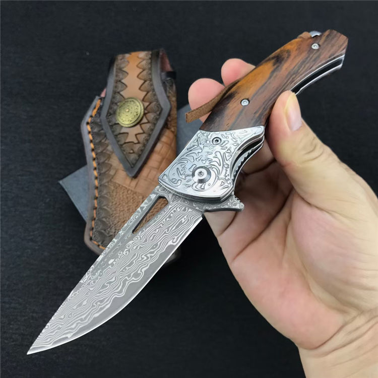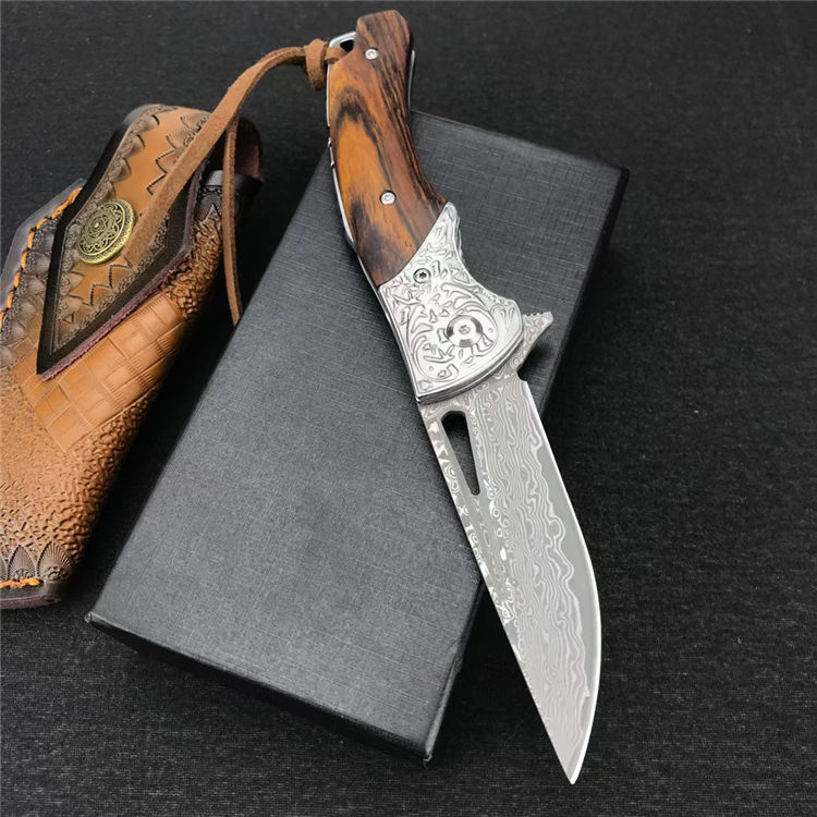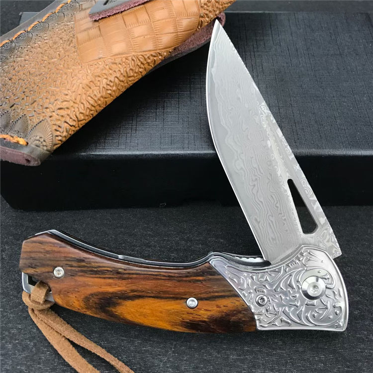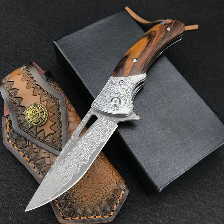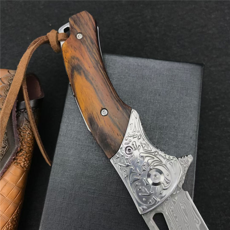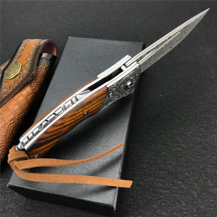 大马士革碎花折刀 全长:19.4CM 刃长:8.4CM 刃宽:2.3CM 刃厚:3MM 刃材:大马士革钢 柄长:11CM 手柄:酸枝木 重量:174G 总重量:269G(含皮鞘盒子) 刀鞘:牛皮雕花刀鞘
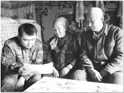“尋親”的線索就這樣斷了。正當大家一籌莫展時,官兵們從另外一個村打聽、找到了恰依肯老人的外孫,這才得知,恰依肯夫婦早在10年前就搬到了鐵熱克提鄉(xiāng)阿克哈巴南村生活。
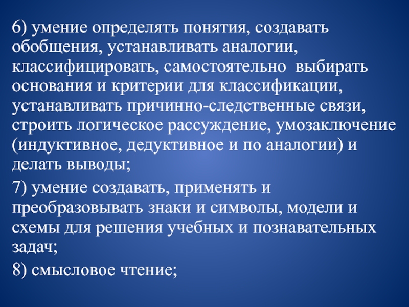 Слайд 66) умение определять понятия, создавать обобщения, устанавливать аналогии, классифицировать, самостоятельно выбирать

* * * * *

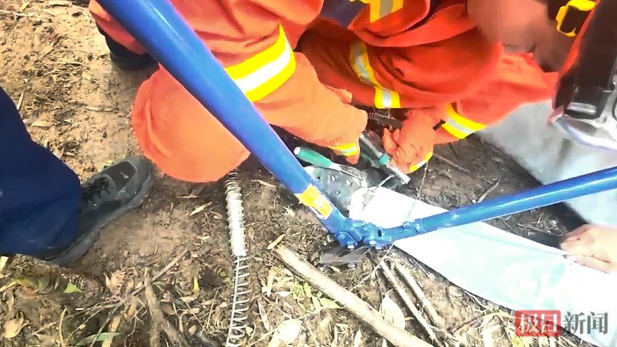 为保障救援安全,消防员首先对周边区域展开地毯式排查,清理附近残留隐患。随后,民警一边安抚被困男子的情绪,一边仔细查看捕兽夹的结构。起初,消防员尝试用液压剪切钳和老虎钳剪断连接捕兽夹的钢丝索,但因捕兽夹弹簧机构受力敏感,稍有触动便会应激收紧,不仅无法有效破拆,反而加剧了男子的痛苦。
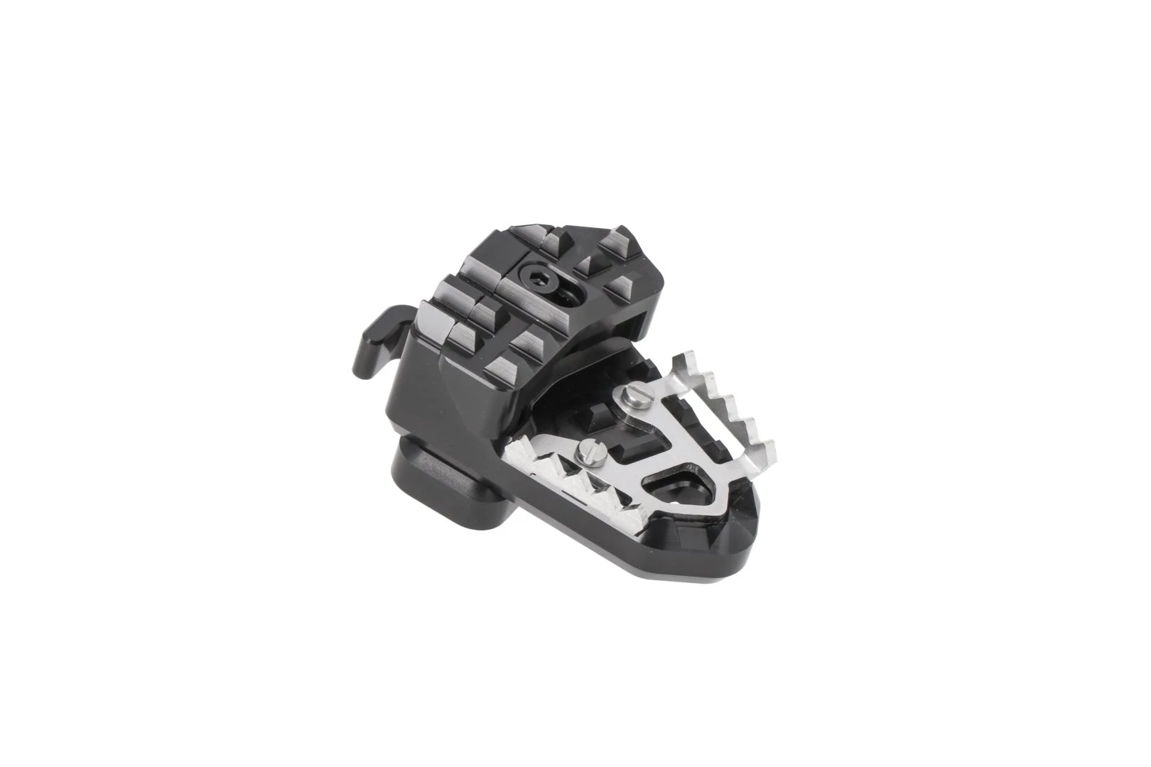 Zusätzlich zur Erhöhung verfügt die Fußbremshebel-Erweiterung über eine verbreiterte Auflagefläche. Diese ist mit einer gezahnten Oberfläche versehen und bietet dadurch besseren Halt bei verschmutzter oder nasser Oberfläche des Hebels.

* * * * *

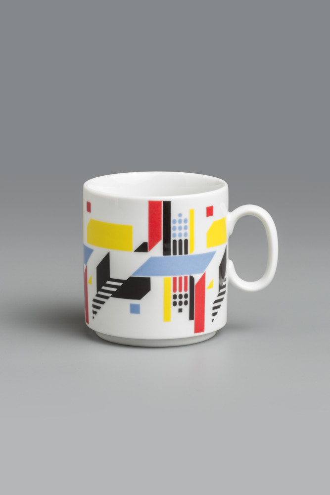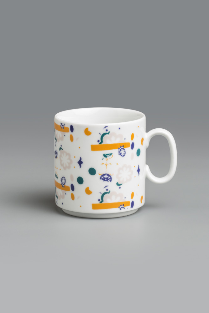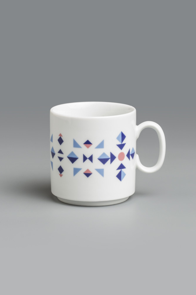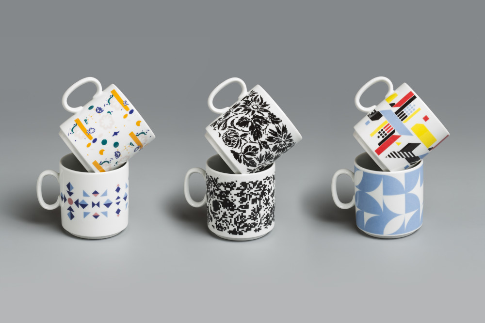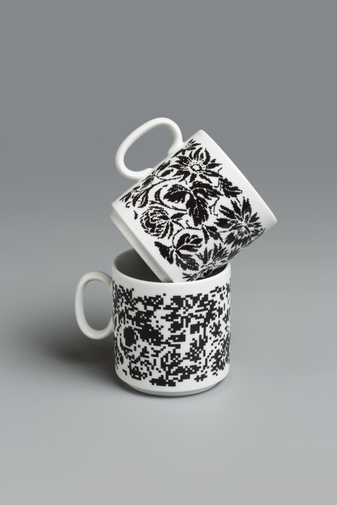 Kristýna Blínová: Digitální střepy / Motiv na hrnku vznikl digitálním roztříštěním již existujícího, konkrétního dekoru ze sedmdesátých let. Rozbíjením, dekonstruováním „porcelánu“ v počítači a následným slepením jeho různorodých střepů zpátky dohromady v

* * * * *

• [Your task]:
From the records above, output only the lines starting at the one containing "大马士革碎花折刀 全长:19.4CM 刃长:8.4CM" and ending at the one containing "Слайд 66) умение", word for word. Pictures stay out.

• [Result below]:
 大马士革碎花折刀 全长:19.4CM 刃长:8.4CM 刃宽:2.3CM 刃厚:3MM 刃材:大马士革钢 柄长:11CM 手柄:酸枝木 重量:174G 总重量:269G(含皮鞘盒子) 刀鞘:牛皮雕花刀鞘
“尋親”的線索就這樣斷了。正當大家一籌莫展時,官兵們從另外一個村打聽、找到了恰依肯老人的外孫,這才得知,恰依肯夫婦早在10年前就搬到了鐵熱克提鄉(xiāng)阿克哈巴南村生活。
 Слайд 66) умение определять понятия, создавать обобщения, устанавливать аналогии, классифицировать, самостоятельно выбирать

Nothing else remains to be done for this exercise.